The Fatima massacre refers to an incident in Fátima, Buenos Aires, Argentina, where 30 prisoners in the custody of the federal police were illegally detained, drugged and shot. On August 20, 1976, the bodies of the victims were blown up.

== Events ==

Shortly after four o'clock on the morning of August 20, a loud explosion woke inhabitants of Fatima. Workers at a nearby brick foundry arrived on scene and claimed they had found human remains scattered over an area of one hundred yards, presumably a result of the explosion. Almost immediately the area was fenced by soldiers. Photojournalists who had taken photos were kidnapped. The soldiers and civilian staff collected the body parts and loaded them onto a truck of the Municipality of Pilar.

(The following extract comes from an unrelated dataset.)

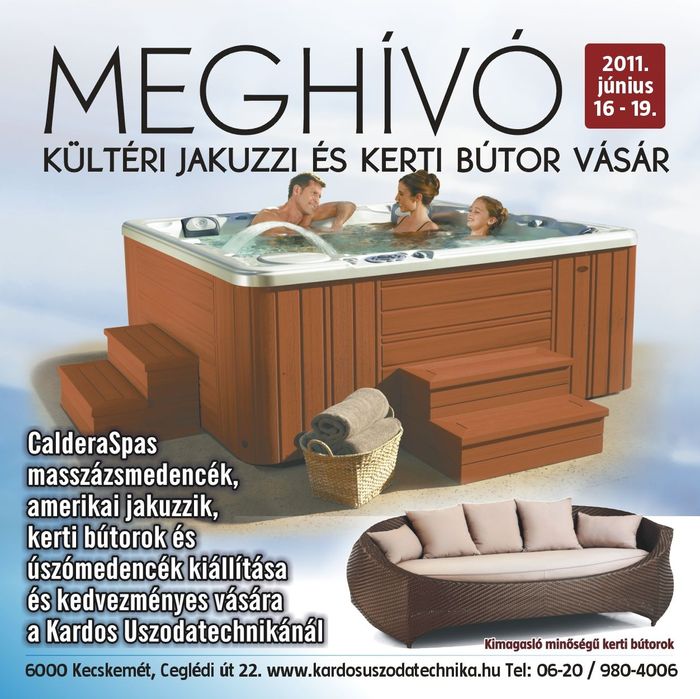 Hagyomány őrzően, idén is megrendezésre kerül nyár végi kerti bútor és prémium jakuzzi vásárunk, ahol kedvezményesen vásárolhatják meg masszázsmedencéinket és kerti bútorainkat az érdeklődők.
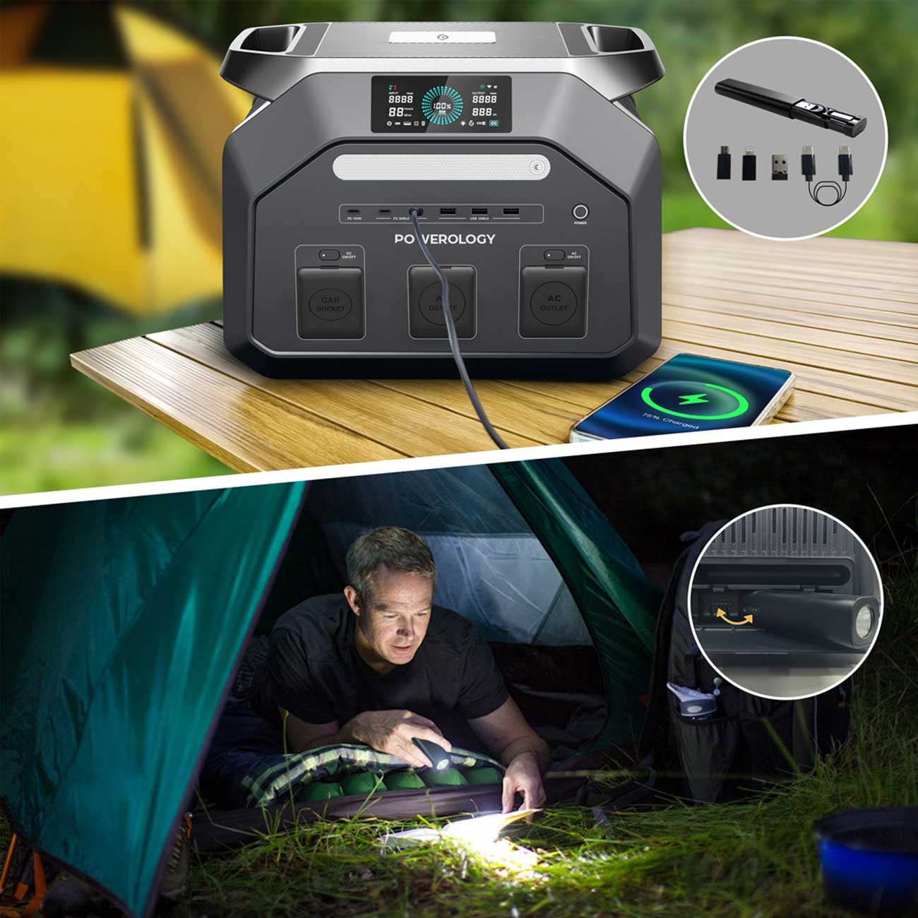 | سازگار با | اکثر دستگاههای مدرن (گوشیهای هوشمند، لپتاپ، ابزارهای برقی، تجهیزات پزشکی مانند CPAP) و پنلهای خورشیدی |

According to the police, the victims were thirty people, ten women and twenty men, including some teenagers. Only five could be identified at the time. The bodies of the unidentified victims were buried in Derqui Pte Cemetery, where they were exhumed years later for identification.

The Argentine Forensic Anthropology Team was able to identify eleven more victims. One of the first was Susana Pedrini of Bronzel, after whom they named a street in the center of Pilar, specifically in the square near the water tank.. Pedrini, who was abducted together with her husband and her mother, was two and a half months pregnant when she was killed. Only half of the victims could be identified by family and friends through the work of the Argentine Forensic Anthropology Team.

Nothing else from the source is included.